WOOD: Yeah, I mean bank analysts are taking if they haven’t already a close look at the duration mismatch of various banks. And so you saw some banks went down much more than others. Yes, the big banks were hit. And as we’ve talked to people who I think understand the big banks very well, we don’t think there’s a problem there. But there are mismatches in the smaller banks and and they got hit today. So yes, it’s an issue.
SULLIVAN: Does it make you, does it make you change how you invest Cathie?
WOOD: No. No, it doesn’t. We’ve got a five year investment time horizon. We’re focused on companies that are going to transform the way the world works, and sure they rely on on funding and orderly capital markets. Many of them did secondaries during 2020 especially, which was a great year for innovation. So most of our companies do not have immediate needs for financing. I would say 99% of them, I’m sure one or two might do a financing but so we don’t think there’s usually there. No, we’re not worried for our strategy. In fact, what we’ve been looking at for the for the last well six months, almost six months, is the inverted yield curve which has gone more inverted so the long term bonds are yielding less than short term instruments. That’s part of the problem for these banks that we just talked about, but it is also a macro indicator we think that is telling us the bond market is speaking very loudly, that is telling us that the risks are not on the side of inflation. If anything, when I hear and see banking crises and this is bank by bank, I don’t think it’s a banking system crisis, but when I see bank crises like this, I think more about deflation than inflation. Right? That certainly was the way to think about ’08, ’09—
SULLIVAN: Well, we’ll see Cathie and we gotta go and we love your take. If, if money printing and bailouts also come with this, it’s small now, these are big banks, but it’s not national. But this is I think, I think this is a bigger story. Very quickly, do you think Silicon Valley Bank survives? Do you think, they’re 40 years old, do you think they’d make it?

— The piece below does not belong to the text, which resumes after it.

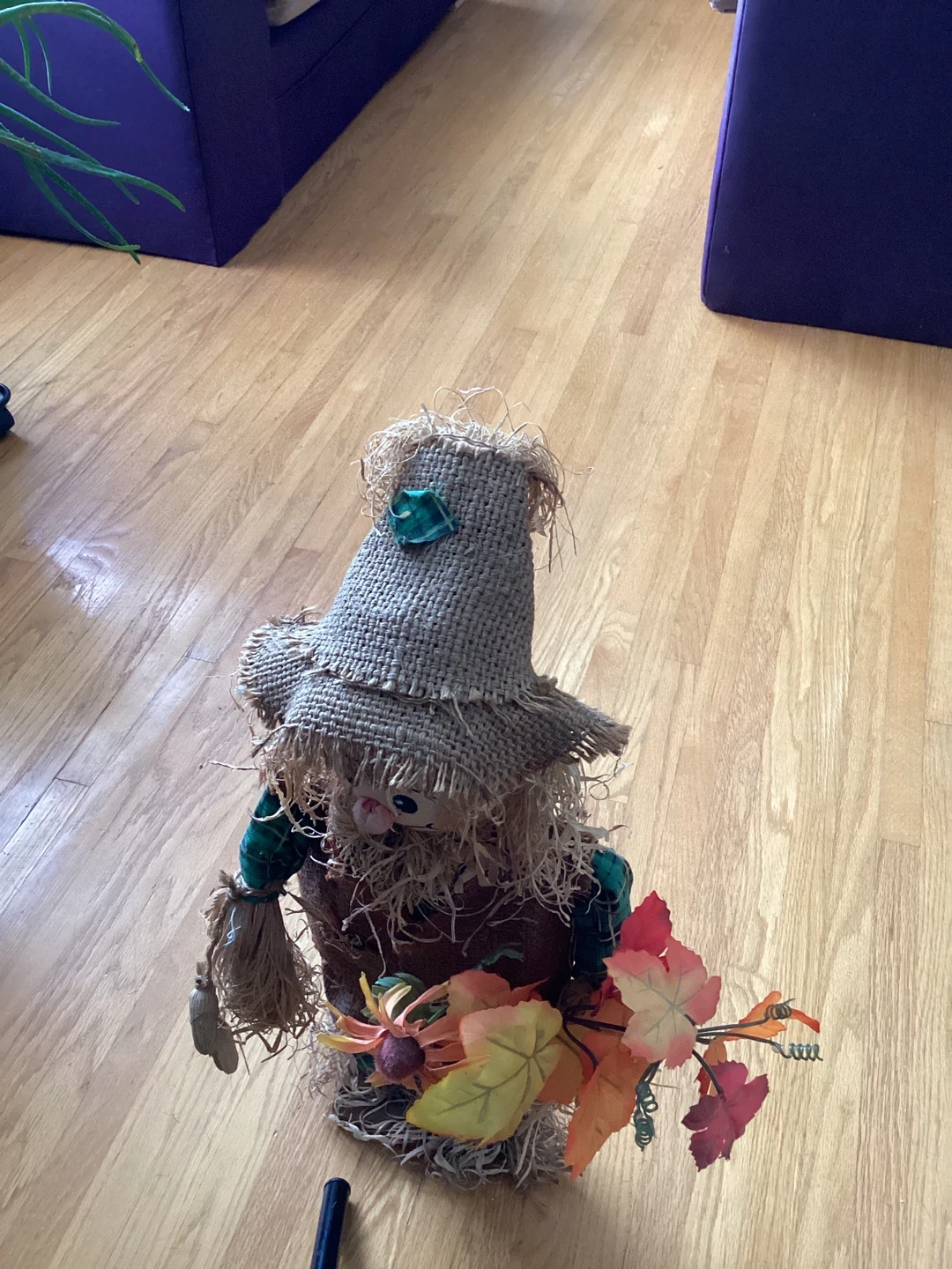 This cute scarecrow decoration is perfect for adding a touch of autumn to your home! It's made with natural materials and has a rustic charm. Bring some seasonal cheer to your space!

WOOD: You know, I did not see before I came on your show what Peter Thiel has said. He’s, he’s very powerful in the world of Silicon Valley so that that would lower the odds I would say. And that’s all I’ll say, you know, it’s just banks are not our area of expertise. We think the world is going to move over to digital wallets ultimately with much more decentralized transparent ecosystems and away from traditional banking system.
SULLIVAN: Cathie Wood, gotta leave it there. Thank you very much, Cathie, really appreciate it.